(Beginning of Input)
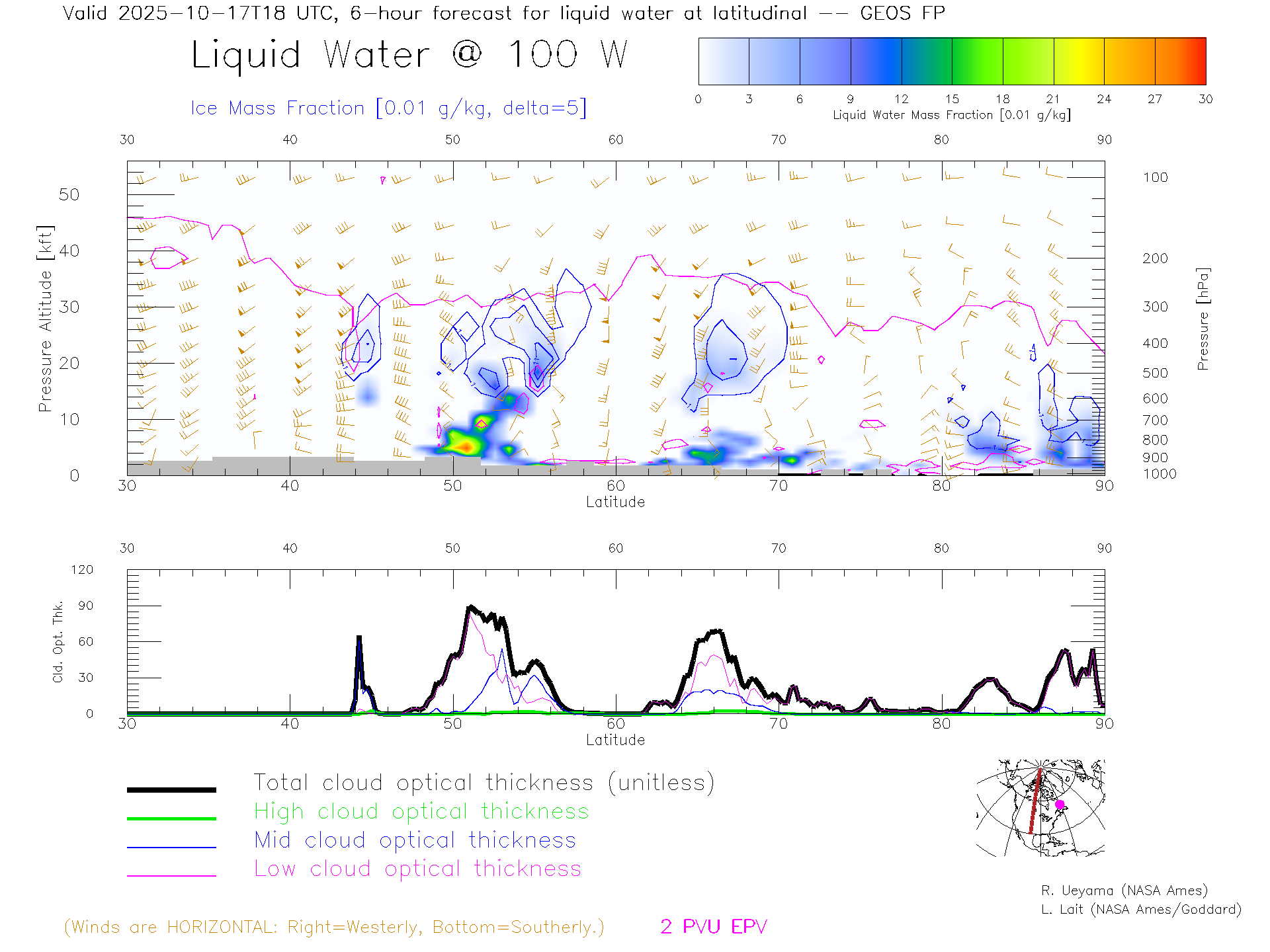 GEOS Forecast Cloud Water Content X-Section (100 W)
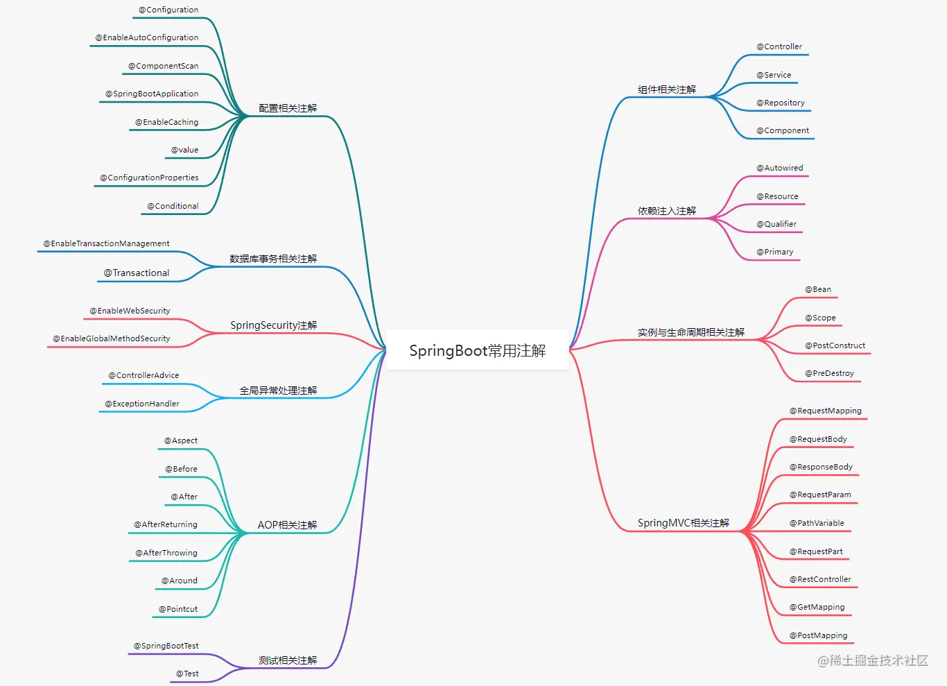 这里整理了一张SpringBoot常用注解的思维导图,本文主要讲解这些注解的用法。
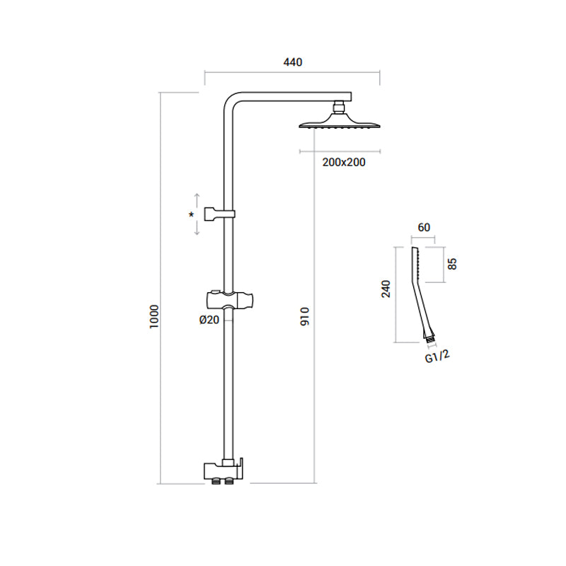 Colonna Doccia Mercurio con soffione quadrato 20x20 e doccia mono getto
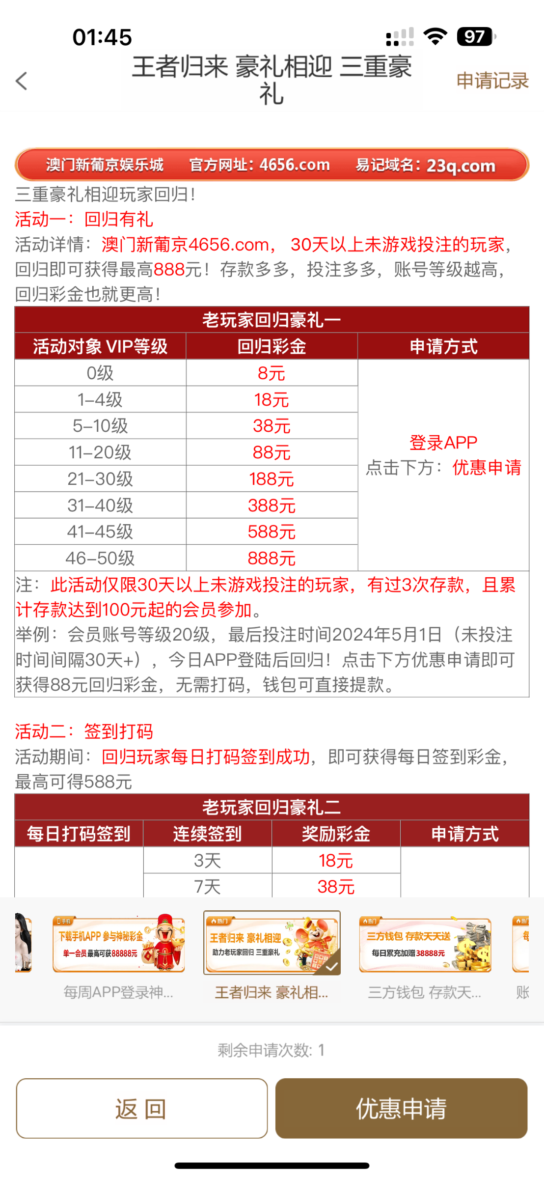 4656历史存款送了,有号充值的记得去领取,没充那么多可以申请这个老用户回归8块,存过100就能申请 4656.com
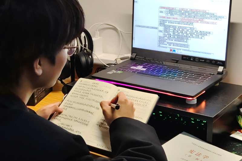字节跳跃,书页翻动。法学专业的同学在大一的第一学期。《宪法学》是专业必修课,期末将至,2022级同学上线晒课堂笔记,任课老师也在线“答疑”,一起在线“学习”,考试“卷”起来。
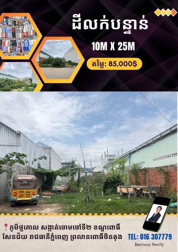 💥 #ដីលក់បន្ទាន់💥10m x 25m💥 ផ្លូវបេតុងមុខ-ក្រោយ 💥 🔹ល្អសម្រាប់ធ្វើឃ្លាំង ផ្ទះល្វែង ឬ ផ្ទះជួល 🔹 ✍️ តម្លៃពិសេស: 85,000$ ✍️ ទឹករដ្ឋ ភ្លើងរដ្ឋ ប្រពន្ធលូមានស្រាប់ និងជាទីប្រជុំជន់ 📍 សង្កាត់ចោមចៅទី២ ខណ្ឌពោធិ៍សែនជ័យ រាជធានីភ្នំពេញ ព្រលានពោធិ៍ចិនតុង Tel: 016 307779 https://t.me/Seng_Seila
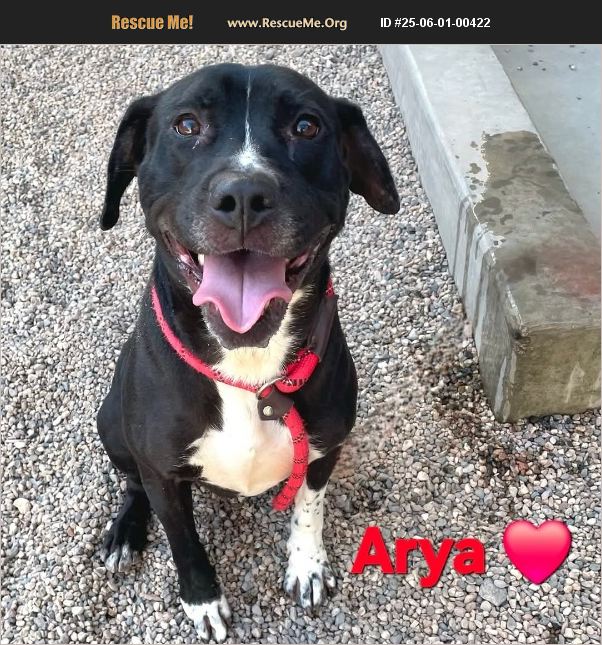 Please help me live! Mcacc Shelter has given me a deadline due to kennel stress. I have done nothing wrong so I hope you come and meet me before my deadline! LOCATED: 1920 S Lewis Dr. Mesa Az Fill out: https://www.thedogsavers.org/apply-to-adopt/ Call: 480-331-4188 ARYA #A5129354 I'm 5yr old 45lb Spayed-female Black/White Blk Lab/Boxer/Pointer Mix. Found slightly malnourished at finders door wearing a muzzle and very dehydrated. I'm a happy, high-energy pup who loves people and isn't shy about asking for attention. I know how to sit and shake, and I take treats like a true lady. I've got some energy on leash-sometimes I pull hard, especially when I'm excited to get going-but I can also settle into a calm, easy pace. Because I can get excited the shelter requires no kids under 12. I'm playful, affectionate, and ready to learn with someone who'll give me a chance. If you're looking for a fun, loving companion with a big personality, I'm your girl !
(End of Input)
* Task prompt *
From the entries above, write out every line without a single change, skipping the images.

* Reply *
 GEOS Forecast Cloud Water Content X-Section (100 W)
 这里整理了一张SpringBoot常用注解的思维导图,本文主要讲解这些注解的用法。
 Colonna Doccia Mercurio con soffione quadrato 20x20 e doccia mono getto
 4656历史存款送了,有号充值的记得去领取,没充那么多可以申请这个老用户回归8块,存过100就能申请 4656.com
字节跳跃,书页翻动。法学专业的同学在大一的第一学期。《宪法学》是专业必修课,期末将至,2022级同学上线晒课堂笔记,任课老师也在线“答疑”,一起在线“学习”,考试“卷”起来。
 💥 #ដីលក់បន្ទាន់💥10m x 25m💥 ផ្លូវបេតុងមុខ-ក្រោយ 💥 🔹ល្អសម្រាប់ធ្វើឃ្លាំង ផ្ទះល្វែង ឬ ផ្ទះជួល 🔹 ✍️ តម្លៃពិសេស: 85,000$ ✍️ ទឹករដ្ឋ ភ្លើងរដ្ឋ ប្រពន្ធលូមានស្រាប់ និងជាទីប្រជុំជន់ 📍 សង្កាត់ចោមចៅទី២ ខណ្ឌពោធិ៍សែនជ័យ រាជធានីភ្នំពេញ ព្រលានពោធិ៍ចិនតុង Tel: 016 307779 https://t.me/Seng_Seila
 Please help me live! Mcacc Shelter has given me a deadline due to kennel stress. I have done nothing wrong so I hope you come and meet me before my deadline! LOCATED: 1920 S Lewis Dr. Mesa Az Fill out: https://www.thedogsavers.org/apply-to-adopt/ Call: 480-331-4188 ARYA #A5129354 I'm 5yr old 45lb Spayed-female Black/White Blk Lab/Boxer/Pointer Mix. Found slightly malnourished at finders door wearing a muzzle and very dehydrated. I'm a happy, high-energy pup who loves people and isn't shy about asking for attention. I know how to sit and shake, and I take treats like a true lady. I've got some energy on leash-sometimes I pull hard, especially when I'm excited to get going-but I can also settle into a calm, easy pace. Because I can get excited the shelter requires no kids under 12. I'm playful, affectionate, and ready to learn with someone who'll give me a chance. If you're looking for a fun, loving companion with a big personality, I'm your girl !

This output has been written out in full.